OOmouse wrote:
I am the designer of the OpenOfficeMouse and a long-time user of
OpenOffice.org, particularly Writer and Impress. It is my belief that
application interface efficiency can be pursued in other ways than new
variations on hotkeys, pull-down menus, and icon toolbars. We are
planning to release the source code for the mouse software we have
written and would like to do so as an OpenOffice.org project rather than
as an independent OSS project as a means of contributing to the
community. This is a request for review of the proposal to establish
the setup and customization software for the OpenOfficeMouse as an
OpenOffice.org open source development project.

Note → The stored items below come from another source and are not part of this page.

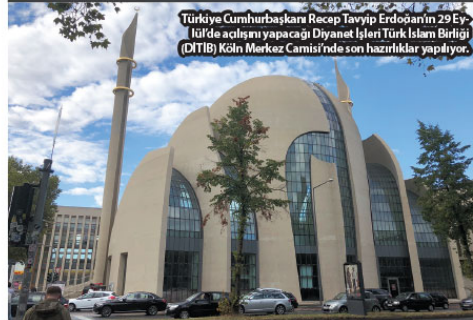
Türkiye Cumhurbaşkanı Recep Tayyip Erdoğan'ın 29 Eylül'de açılışı yapılacak Dışişleri İşleri Türk İslam Birliği (DİTİB) Köln Merkez Camisi'nde son hazırlıkları yapıyor.

Son olarak Rusya ile birlikte imzaladığımız Soçi Mutabakatıyla rejiminin 3,5 milyon sivilin yaşadığı İdilbi Çatışmasızlık bölgesine yönelik kanlı saldırıların önüne geçtik. Daha önce Halep, Hama, Humus, Dera ve Doğu Guta'da yaşanan katliamların İdilbi'de tekrarlanmasını engelleyerek Suriye'de barışa ve siyasi çözüme giden yolu açık tuttuğumuzuz inanıyoruz. Hedefimiz, Menbiç'ten başlayarak Irak sınırına kadar olan Suriye topraklarının tamamını teröristlerden temizlemektir."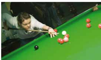
текст: Валерий Куприн

представитель Ирака, который и выиграл первый фрейм. Второй фрейм остался за Дмитрием и судьба финала определялась в решающем третьем фрейме, который безоговорочно выиграл Мохаммад Аидил, показавший очень хороший уровень игры и снукерного мышления.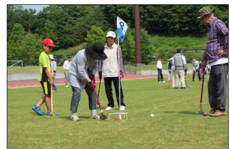
区民グラウンド・ゴルフ大会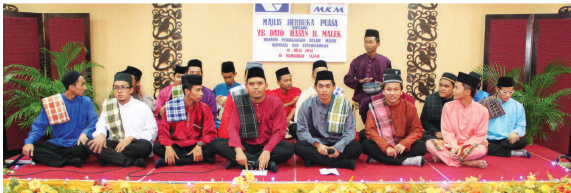
Persembahan qasidah oleh pelajar MKM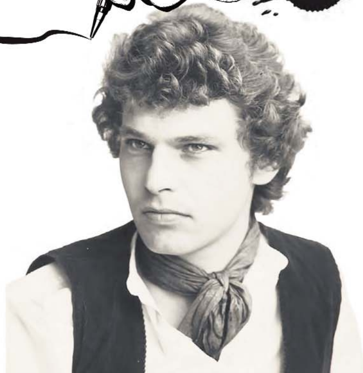
Portret van de schrijver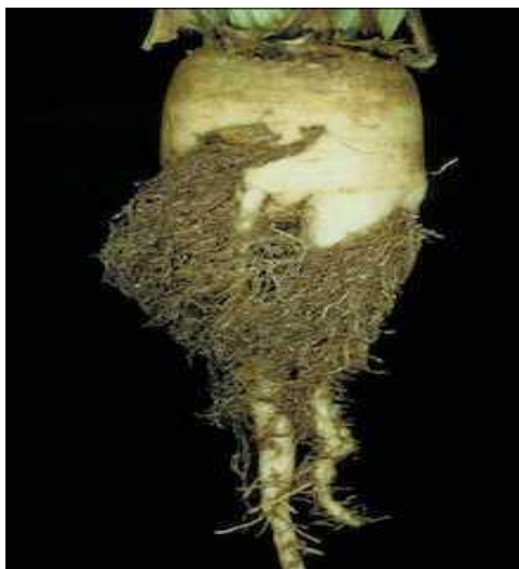
Slika 30. Oštećenje korijena od napada repine nematode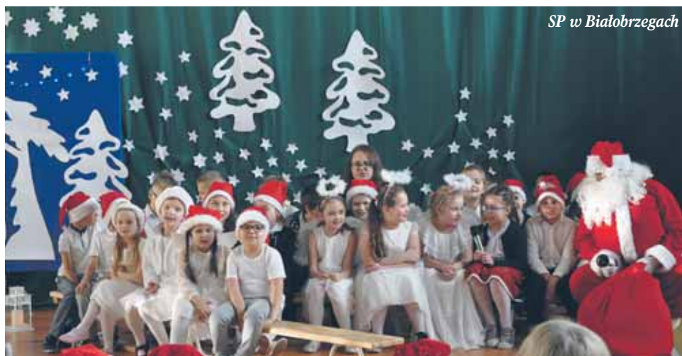
SP w Białobrzegach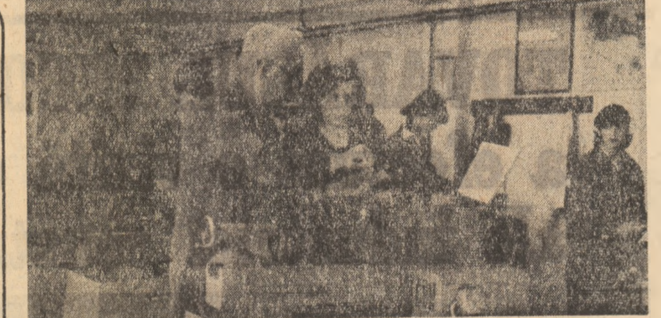
Elevii clasei a XII-a de la Liceul de fizică-matematică nr. 6 din Capitală...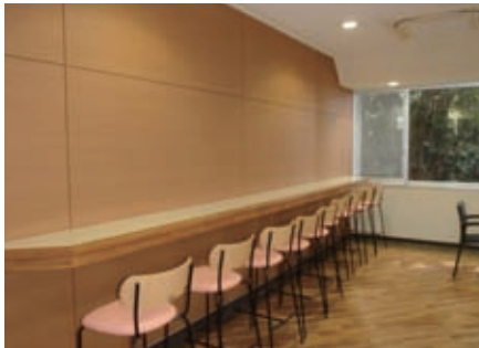
写真6. 大学会館1階談話室（壁設置テーブル）

The OpenOfficeMouse mouse is designed specifically for use with
OpenOffice and incorporates OOo 3.1 usage data for its default button
assignments. The software presently allows complete customization of
the mouse's 18 buttons, scroll wheel, and analog joystick. Additional
functionality includes double-click assignments for all 18 buttons as
well as the ability to use the joystick as a keyboard with 4, 8, or 16
assignable key commands. Version 1.0 of the software is already
functional for Windows operating systems and the code will be released
under the Gnu Lesser General Public License (LGPLv3). The mouse
possesses 512k flash memory, supports 64 on-mouse application profiles,
and 1024-character macros. The software is written in C++ using Qt
library and uses .svg format for all graphics. The most pressing need
is for a library for sending and receiving commands according to the HID
standard in order to provide full Linux and OS/X support.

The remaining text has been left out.